By Jeffrey R. Young     May 24, 2018

Most Professors Think They're Above-Average Teachers. And That’s a Problem.

This article is part of the guide: 6 Key Trends to 21st Century Teaching.

Summer is traditionally a time for professors to refresh their courses, or take workshops to learn new teaching techniques. But some in higher education worry about a lack of motivation for such efforts, especially when the vast majority of professors think they’re great in the classroom already.

A classic study found that more than 90 percent of professors rate themselves as above-average teachers. And two-thirds believe they’re in the top quarter. It’s math that doesn’t add up, and the study’s author argues that unreasonably high esteem holds back efforts to improve college teaching.

The finding is part of a broader phenomenon in psychology often referred to as “inflated self-view.” Humans tend to think they’re better at lots of things than they really are. And that may be especially true in college teaching, argues Paul C. Price, a professor of psychology at California State University at Fresno.

“You’re not getting feedback as to how you actually stand relative to other people,” says Price of college professors. “With that black box, we have this built-in tendency to think we’re really good.”

Of course professors do get some feedback about their teaching. Students fill out evaluations at the end of each term, for instance. And some departments ask professors to evaluate each other’s teaching. But those tend to inflate egos beyond reality as well, says Price, pointing to a phenomenon called “person-positivity-bias,” documented by David Sears, a social psychologist, that shows that people tend to give high ratings to anyone they look at barring serious red flags.

“On my department’s five-point rating scale, receiving anything less than a five from a colleague is a rarity,” Price wrote in a 2006 article. “Thus, the better-than-average effect extends beyond judgments about the self to judgments about almost any individual. As a result, these kinds of student and peer evaluations tend to confirm our inflated views of our own abilities. A better interpretation of your rating of six on a seven-point scale, then, is that you have no extremely obvious shortcomings. That’s a long way from being a superstar.”

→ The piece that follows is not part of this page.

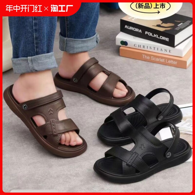 天猫天天特卖工厂店,皮凉鞋男款夏季外穿防滑防臭软底爸爸拖鞋男士户外开车两用沙滩鞋,潮流精品,品质保证

Professors can find some tough talk about their teaching on RateMyProfessors, a website where students can offer critiques anonymously. But most professors don’t take those reviews seriously, and they have their own well-documented flaws, including a kind of mob mentality, where highly negative reviews tend to encourage other haters to jump in.

These studies date back decades—Patricia C. Cross, now an emeritus professor at University of California at Berkeley, first wrote about it in 1977. In an email interview this week, she said that she has no reason to believe the situation has improved. “I do try to keep up with my reading on higher ed, and my impression from that is that today’s professors are more interested in ‘publication’ (and citation) than in classroom teaching—at least as far as advancement professional reputation is concerned.”

Of course there’s no shortage of chances for professors to better their teaching, says Price. “The challenge is getting people to participate in those,” he says. “If you already think you’re fine and you’re better than other people, then what’s your motivation to go to another meeting or conference?”

So does Price think he’s a better-than-average teacher?

“It depends on what dimension you’re talking about,” he says. “I think students like me more than the average professor. Whether I’m teaching them more stuff than the average professor, I doubt that.”